The neural control of the upper and lower limb is differ depending on the task (Arya and Pandian, 2014). For motor control of the lower limb (such as that required for walking), both spinal and descending neural circuits from the motor cortex are important. Spinal reciprocal inhibition between agonist and antagonist muscles is responsible for the achievement of smooth movements (Crone and Nielsen, 1989; Morita et al., 2001). Reciprocal inhibition of calf muscles is often reduced or facilitated in patients with stroke and spinal cord injury (Crone and Nielsen, 1994; Okuma et al., 2002; Crone et al., 2003). Normalization of the reciprocal inhibition is as important as that of the neural circuits in the brain for motor recovery in the lower limb or for gait rehabilitation (Dietz and Sinkjaer, 2007).
In this study, we aimed to examine the effects of MI combined with ES on the plasticity of both corticospinal excitability and spinal reciprocal inhibition in the lower limb. We hypothesized that MI combined with peripheral nerve electrical stimulation (ES) may be superior in inducing plastic changes in cortical and spinal neural circuits than MI or ES alone.
Materials and Methods
The Tokyo Bay Rehabilitation Hospital ethics committee approved the study protocol (approval number: 175-2). All tests were performed at the Tokyo Bay Rehabilitation Hospital. This study was registered in the University Hospital Medical Information Network (UMIN; registration number: 000028087). All participants provided written informed consent prior to enrolment. The procedures complied with the Declaration of Helsinki.
Seventeen healthy adults (mean age: 24.6 ± 2.1 years, seven females) participated in this study. None of the participants had history of neurological disease or was receiving any acute or chronic medications that could affect the central nervous system.

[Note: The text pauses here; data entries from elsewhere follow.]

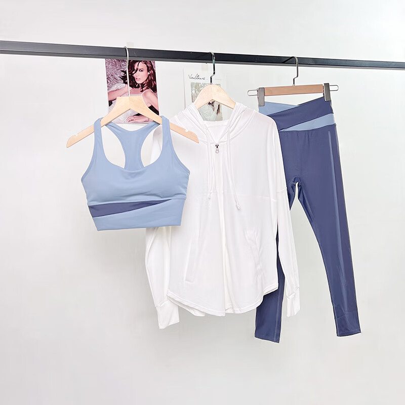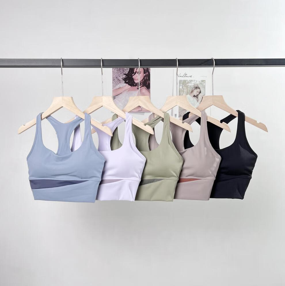 LI NING Li Ning Flagship Store Autumn and Winter New Style Yoga Suit with Breast Pads for Women Running Contrast Color Pilates Sports Fitness Milk Coffee Two-piece Set M
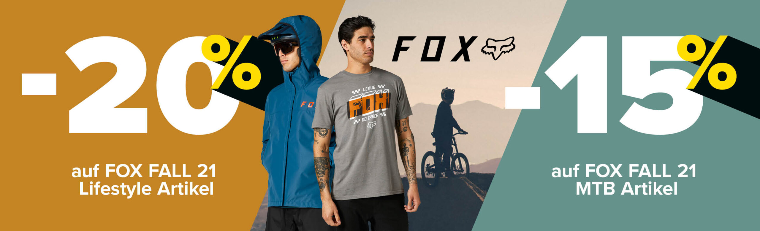 Ab sofort -20% Rabatt auf FOX FALL21 Lifestyle Artikel und -15% Rabatt auf FOX FALL21 MTB Artikel online und in den Stores!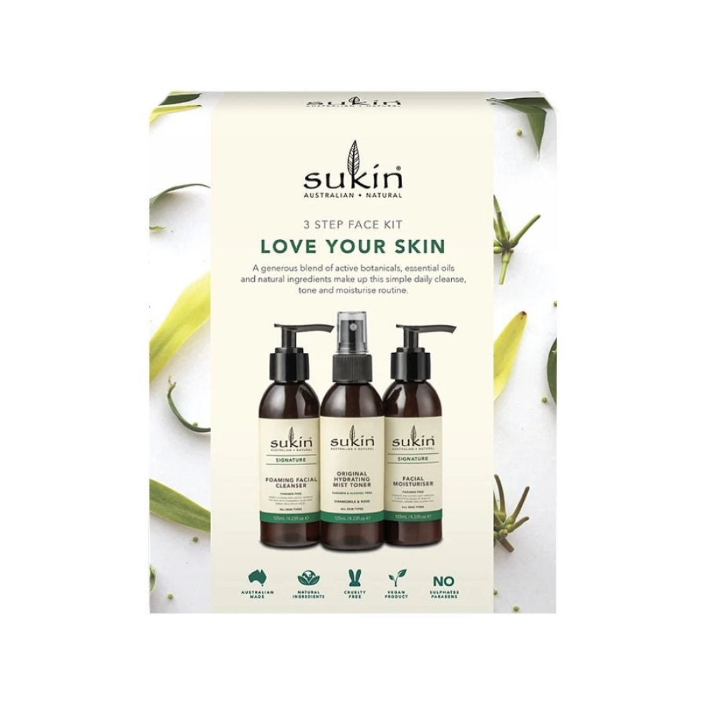 A generous blend of active botanicals, essential oils and natural ingredients make up this simple daily cleanse, tone and moisturize routine. Pack Includes: Sukin Foaming Facial Cleanser 125ml Sukin Hydrating Mist Toner 125ml Sukin Facial Moisturizer 125ml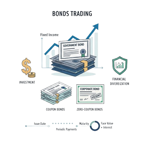 Bond trading involves the buying and selling of corporate and government bonds in the bond market. On the maturity date, the issuer repays the bond’s face value, interest rate, and any fixed or variable interest payments to bondholders. Bond investing is known for being an effective financial diversification strategy.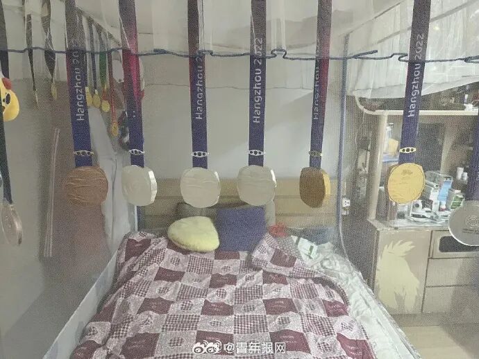 潘展乐更是训练狂魔,住在酒店,还在床上一遍遍重复游泳的动作,为了激励自己,蚊帐上挂满了奖牌,据说,还特意把C位留给了奥运金牌。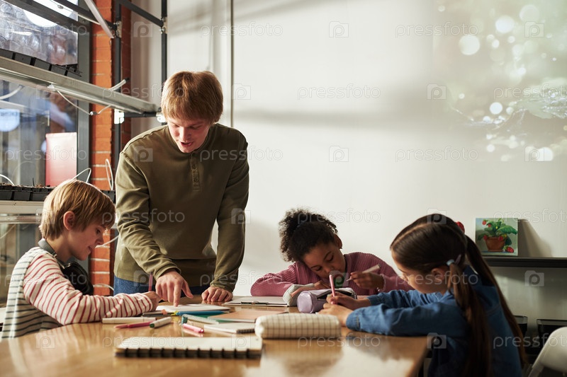 Молодой человек учит разных детей рисовать за столом в классе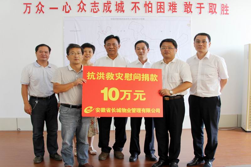 720,长城物业副总王立新、于关云、梁永存、牛亚方、宋青受董事长朱寿明的委托,带着款物到华阳河农场进行抗洪救灾慰问,送去10万元捐款和价值3万元的方便面、矿泉水等救灾物资,表达了同心兄弟的深情厚意,并祝愿勤劳勇敢的华农人在安徽农垦集团的坚定领导下,在社会各界的热心帮扶下,最终战胜洪灾,重建美好家园。与此同时,长城物业还向敬亭山茶场、皖河农场分别捐助5万元和2万元,支援两场灾后重建工作。(鲍广云)

All participants performed the following three tasks, in a random order: (1) MI alone; (2) peripheral nerve ES alone (ES alone); and (3) MI combined with ES (MI + ES; Figure 1A). Tasks were performed on different days, and were separated by more than 7 days to minimize carry-over effects. Participants performed each task for 20 min. Motor-evoked potential (MEP) and disynaptic reciprocal inhibition were assessed before, immediately after (post0), and 10 (post10), 20 (post20), and 30 min (post30) after the task.

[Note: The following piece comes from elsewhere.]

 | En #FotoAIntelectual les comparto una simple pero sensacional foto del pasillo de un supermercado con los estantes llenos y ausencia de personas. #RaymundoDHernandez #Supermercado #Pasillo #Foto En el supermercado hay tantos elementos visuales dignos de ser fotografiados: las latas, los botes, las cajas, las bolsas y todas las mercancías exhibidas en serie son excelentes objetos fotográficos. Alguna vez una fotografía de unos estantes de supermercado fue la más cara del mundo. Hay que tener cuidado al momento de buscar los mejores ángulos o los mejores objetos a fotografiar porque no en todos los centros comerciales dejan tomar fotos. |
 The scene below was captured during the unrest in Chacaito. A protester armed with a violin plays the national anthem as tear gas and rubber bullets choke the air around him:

During the experimental sessions, participants remained seated on a chair with a backrest in a relaxed position with 80° hip flexion, 80° knee flexion, 10° ankle plantar flexion and their feet on the floor (Figure 1B).
Task
Motor Imagery
Participants were instructed to imagine dorsiflexion of their right ankle with the help of a video, for 20 min (kinesthetic motor imaging of ankle dorsiflexion). A trial consisted of imagination for 2 s and a rest period of 4 s. The full task consisted of 200 trials that were repeated over a 20 min period. To avoid muscle contraction during the MI, we monitored the electromyographic recording of the tibialis anterior (TA) and soleus (SOL) muscles and provided verbal feedback to avoid muscle contraction when signs of muscle contraction were identified.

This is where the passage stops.